Following the course of Fieldhead Lane towards Drighlington is the Roman road of Tong Street. This location would give Birstall a great geographical advantage, making it within easy reach of the main thoroughfares of ancient Yorkshire. 
A Roman tiled mosaic was unearthed at Birstall Smithies, a former early industrial slag smelting site, during excavations in 1965.


This and a hoard of Roman coins discovered at the foot of Carr Lane, on what was then Birstall Recreation Ground indicate quite succinctly as to the prehistoric origins of Birstall. These coins, which were discovered in the 18th century, dated from 192 to 268 AD.


A quarter of a mile up the hill from Birstall on Leeds Road, there was once a Roman watch tower.
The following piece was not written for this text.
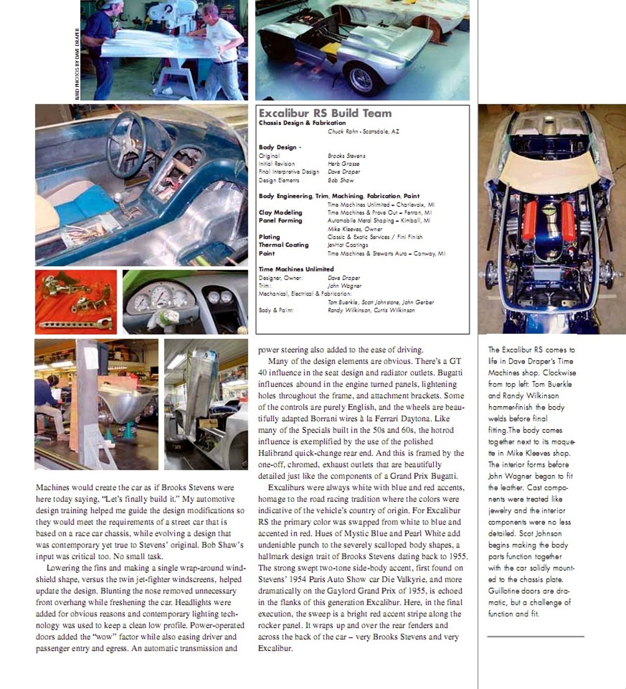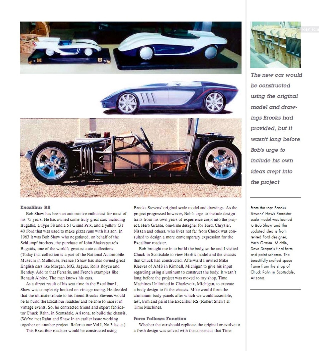 “Bob m’a contacté pour construire la carrosserie, j’ai ensuite visité Chuck Rahn à Scottsdale pour visualiser le châssis que Chuck avait construit. Par la suite, j’ai invité Mike Kleeves de l’AMS à Kimball, Michigan, pour me donner son apport en ce qui concerne l’utilisation d’aluminium pour construire la carrosserie. Il n’a pas fallu longtemps avant que le projet s’installe dans ma boutique : Time Machines Unlimited àCharlevoix, dans le Michigan, afin d’exécuter une carrosserie qui s’adapte au châssis. Mike formant les panneaux de carrosserie en aluminium. Après quoi nous avons tout assemblé, testé la voiture, et réalisé la peinture. Si la voiture devait reproduire l’originale, qui n’a jamais existé…, le résultat n’est pas la finalité…, car on a évolué vers une conception nouvelle…, ce qui a généré des problèmes, tous résolus avec un consensus général, stipulant que Time Machines créerait la voiture comme si Brooks Stevens était ici aujourd’hui et disait : “Let’s go !”… Ma formation dans la conception automobile a guidé les modifications de conception, afin qu’ils répondent aux exigences du tramway basé sur un châssis de voiture de course, tout en élaborant un modèle qui reste fidèle aux dessins de Brook Stevens… Et avec Bob Shaw cela a été trop critique. Ce n’était pas une mince tâche”… (vous ne me croirez pas, mais j’ai pleuré en retranscrivant cela) ! Cette Excalibur Hawk Roadster RS se veut donc être l’expression personnelle d’un homme qui connaît et aime les voitures (rechute.., j’ouvre ici une petite pause pour sécher mes larmes…, puis je reviens)…. Bob Shaw a mesuré sa vie, non seulement par les amis qu’il a rencontrés dans le hobby des collectionneurs d’automobiles, mais aussi par les gens qu’il a connu dans le secteur automobile. Brooks Stevens a été une source d’inspiration pour Bob Shaw qui aurait aimé vivre sa vie avec style…, Bob Shaw ne cesse de dire que c’est la dernière re-création, parce qu’il a maintenant 75 ans…, pourtant, ne soyez pas surpris si dans les jours à venir il dit : “Que pensez-vous de reconstruire une Gaylord…?” Pour ma part, je m’en tape les cuisses…, étant particulièrement fatigué de retranscrire tout ce toutim, je me simplifie la vie en publiant ci-après, les 4 pages de présentation (en anglais) de l’Excalibur RS, qui je vous le souligne…, non seulement n’a jamais existé…, mais n’est nullement une copie de cette voiture…, qui plus est, elle a été affublée d’une “certaine” quantité de pièces dénaturant l’œuvre de Brooks Stevens… qui ne dira strictement plus rien, étant décédé…

This observation point was built on the ridge or “brae” of the hill. One side overlooked the Birstall area, while the other looked downwards from Howden Clough and the valley towards upland Morley.

This watchtower was known in the early 20th century to the local inhabitants as the Brass Castle, a corruption of Brae Castle. It followed the line of other such structures built in West Yorkshire, atop prominent projecting ridges.

Birstall is the birthplace of Joseph Priestley, the discoverer of oxygen. Priestley was tutored extensively by the then Vicar of Birstall, an Edinburgh man with a keen interest in science. He was also a pupil at Batley Grammar School for Boys, founded in 1612 by the Rev. William Lee.


Also born here was John Nelson, a stonemason who was converted by John Wesley to Methodism whilst working in London and who returned to Birstall and became one of Wesley’s most important preachers. Birstall was prosperous before the Industrial Revolution, being within a small area that was a centre for the English white cloth industry. However, the Industrial Revolution saw extensive growth, and the architecture of the period still dominates today. The wider area became known as the Heavy Woollen District, although the decline in textile production has led to a decline in its usage; it is still used in local sport, however. 

Of this period is the cobbled marketplace with a statue of Priestley, which was erected in 1912 by public subscription and sculpted by Frances Darlington.

An 18th-century windmill stands in the grounds of Windmill Church of England Primary School (formerly St Saviour’s Junior School) and has provided local names such as ‘Windmill Estate’ and ‘Miller’s Croft’. The Black Bull Inn is situated behind St Peter’s Church on Kirkgate. Its upstairs room was once used as a magistrate’s court for Birstall and Gomersal, and is now Grade 2 listed.